Paisajes de Emilio
Prieto
No nos gustan las grandes palabras, las pretenciosas palabras de perfil pedante cuya hinchazón desborda el lenguaje claro y preciso, pero a estos paisajes del joven Emilio Prieto les conviene el término de metafísicos. Porque el espacio, ese concepto caballo de batalla de todas las filofías, lo es todo en ellos. Espacio puro, vacío, solamente habitado por el color, sin cuya presencia sería imperceptible. Y el color, en el mundo físico, es lo menos material de la materia, como que no es una sustancia, sino una propiedad de los cuerpos, algo que cambia o puede cambiar.
Paisajes planos, la «res extensa» cartesiana en oposición a la «res cogitans», la realidad que tiene extensión frente a la realidad pensante, los dos términos esenciales a que se reduce en última instancia el universo humano, esto es la pintura de Prieto, como una grande y profunda simplificación de la abigarrada y pululante vida en que estamos inmersos.

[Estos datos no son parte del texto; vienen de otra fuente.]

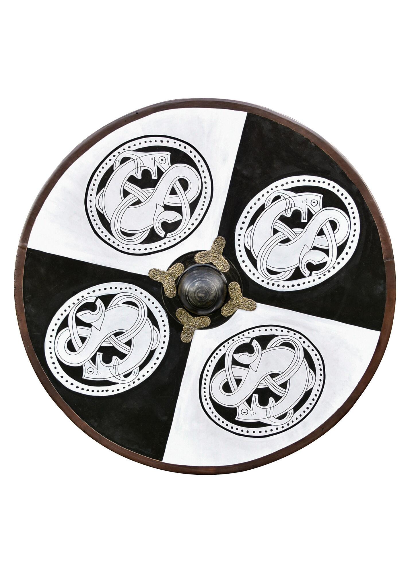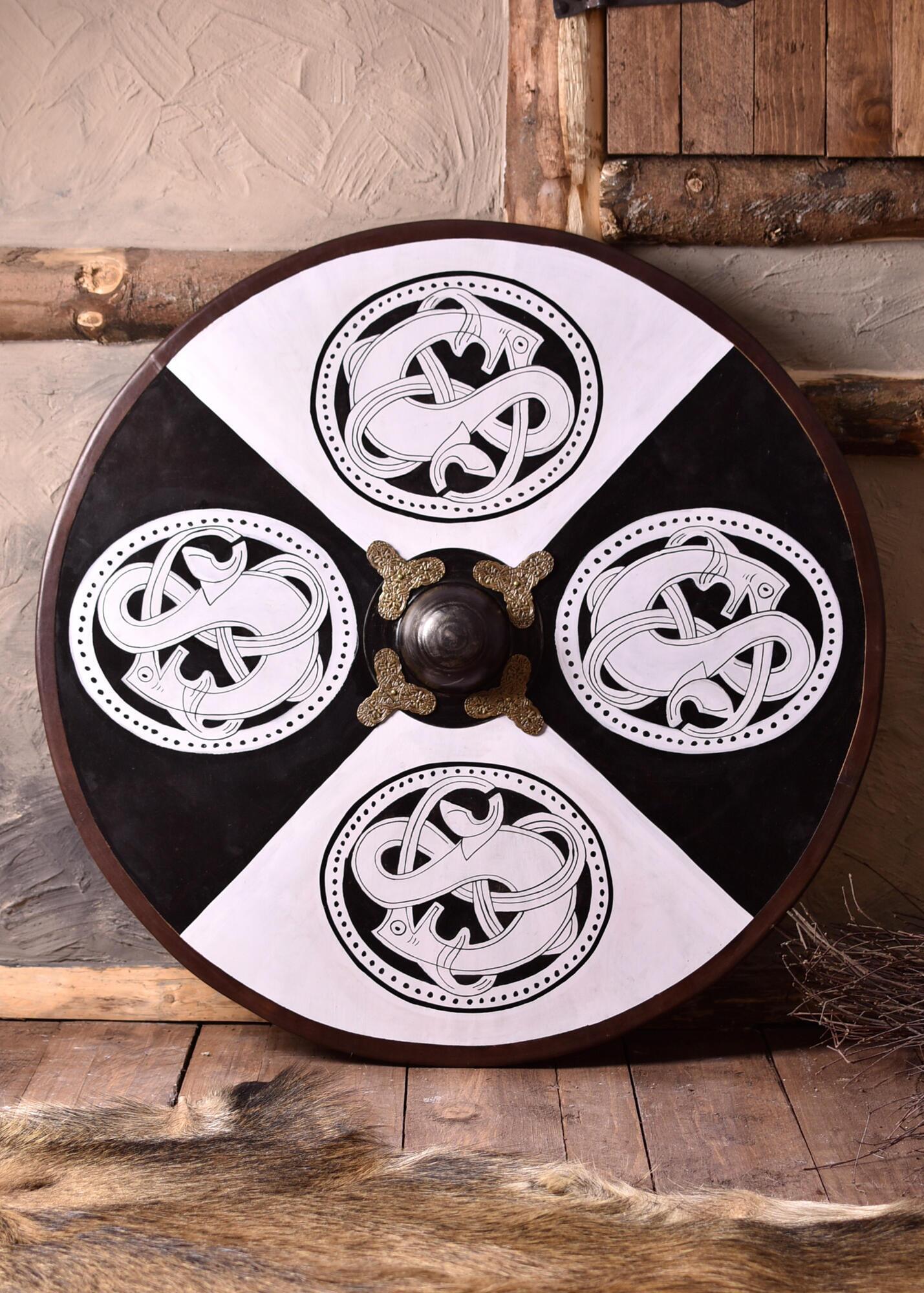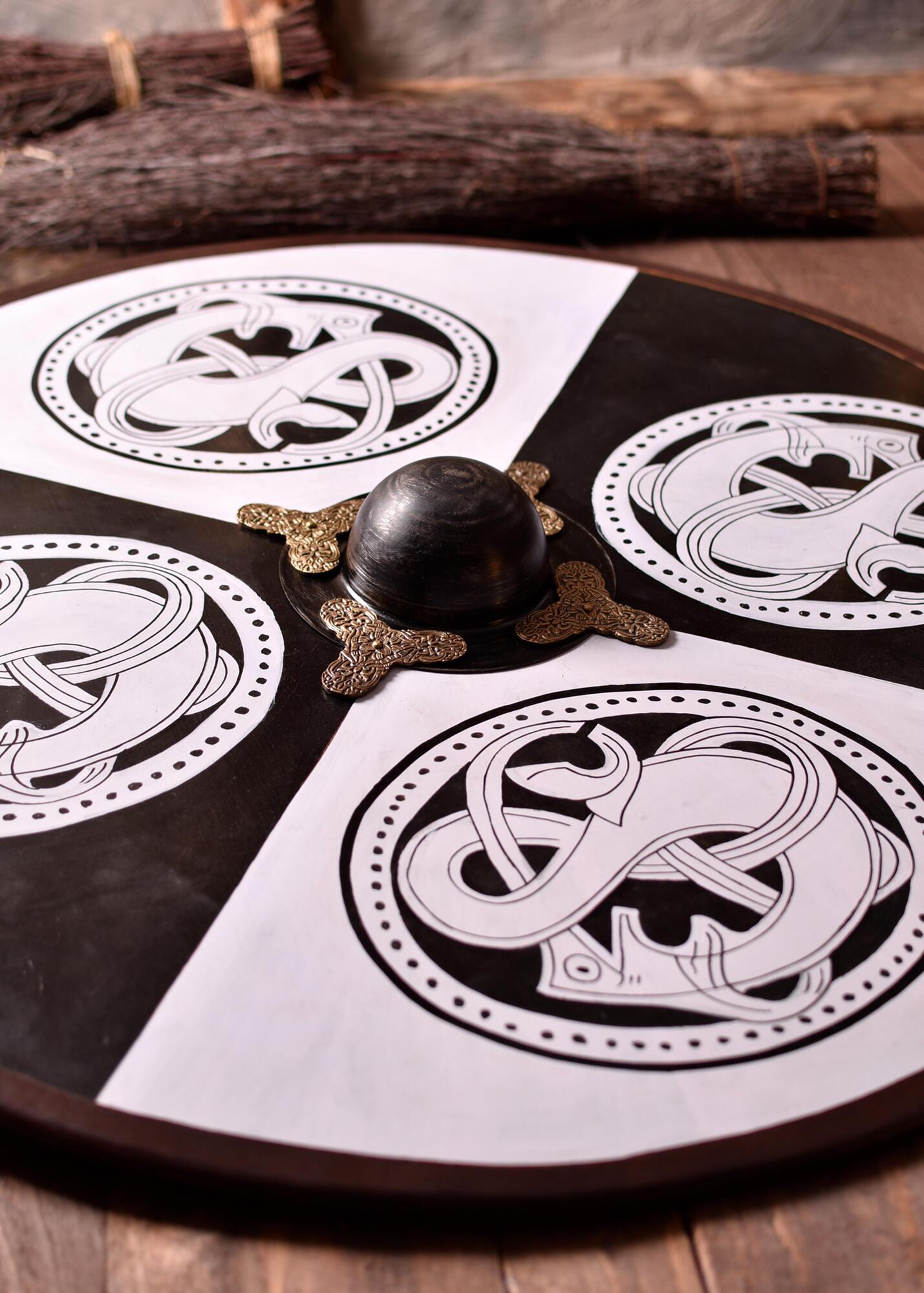 Flot rundt vikingskjold fremstillet af ca. 13 mm kraftig krydsfiner og dekoreret med fire nordiske Gripping Beast-motiver – stiliserede dyr eller drager kendt fra vikingetidens kunst. Motivet kan også tolkes som en fremstilling af Midgårdsormen fra nordisk mytologi.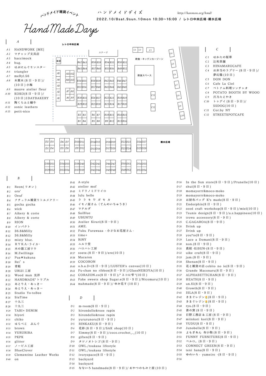 2022年09月29日 「ハンドメイドデイズ門司港」(2022年10月)に出展いたします カテゴリ:イベント 「ハンドメイドデイズ」福岡県北九州市門司港レトロ2022年10月8日(土)・9日(日)・10日(月祝)時間:10:30〜16:00※雨天決行(荒天の場合は中止)レトロ中央広場・親水広場出展場所:B-20http://kanmon.org/hmd/出店者一覧http://kanmon.org/hmd/exhibitors/ 「イベント」カテゴリの最新記事 博多阪急『ユトリエ』ちいさいもの展 2022 に出展いたしますiichiのメールマガジン[iichi通信]新しい文具に、わくわく。に「木製シマエナガしおり RT」を紹介して頂きました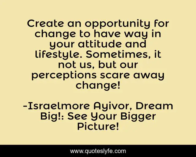 "Israelmore Ayivor, Dream Big!: See Your Bigger Picture! Quotes." Quoteslyfe.com, 2025. Fri. 05 Dec. 2025. <https://www.quoteslyfe.com/quote/Create-an-opportunity-for-change-to-have-129478>.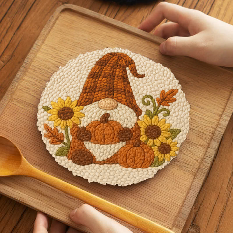 Sunflower Gnome Punch Needle Kit - Halloween Pumpkin Craft | Holiday Handmade Decor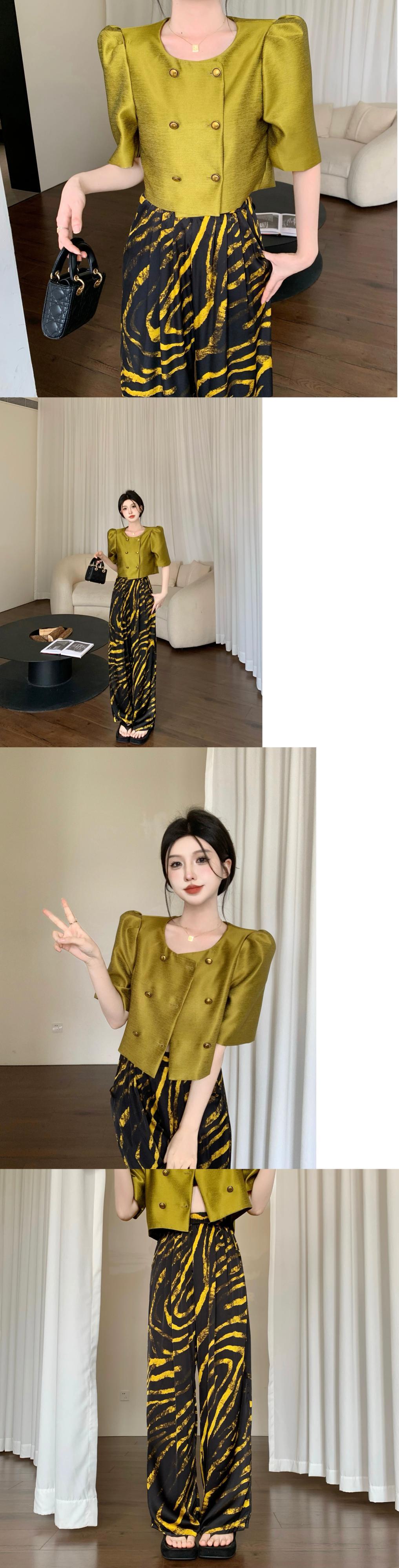 今年の人気の美しいスーツパンツレディースパフスリーブショートトップアイスシルクカジュアルワイドレッグパンツレディースサマーツーピーススーツ 夏物 nana69018954409 | modepoisson

Como consecuencia de esta categórica operación de eliminación, el pintor se queda solo con el color, principio y fin de la pintura. Espacio y color son, pues, los protagonistas absolutos del arte de Emilio Prieto. ¿Nada más? Ni nada menos.
Hay algo más, algo que puede ser menos: la presencia de lo humano representado por esas figuras indumentarias, trajes sin cuerpo, que expresan el anonimato y la despersonalización. Ya no hay hombres ni mujeres, sino fantoches descabezados; la sensación de vacío se acentúa y de ella surge un sentimiento de profunda soledad y desolación.
¿Qué quiere decirnos el pintor con estos desiertos iluminados? ¿Solamente el grado de virtuosismo alcanzado en la exquisita
manipulación de los pigmentos? ¿La pintura por la pintura misma? toda experiencia artística es una lucha por la expresión, por obtener un lenguaje. Nadie se libra de esta forzosidad humana de hablar a los otros. El arte por el arte, la pintura —libre de anécdota— como fin en sí mismo son patrañas, alucinaciones. Todo arte es vehículo de algo ajeno a sí, aunque a veces forma y contendido —pintura y sentido— se funden tan íntimamente, tan comprensivamente, que sea poco menos que imposible distinguir el uno del otro. Pero toda obra artística dice siempre más que su propia materialidad, que su propia realidad material por muy despojada que se halle de significaciones.
Emilio Prieto, rebosante de humanidad, no es un esteticista, un espíritu pedante y estragado. Su
pintura, con toda su ascética sobriedad, con su difícil sencillez, es efusiva, afable. Nos habla del anhelo de evasión y de la angustia de un hombre de nuestro tiempo, abrumado por el acoso insufrible de una civilización alienante, llena de cosas, que trata de arrebatarle su humanidad, impedirle ser sí mismo.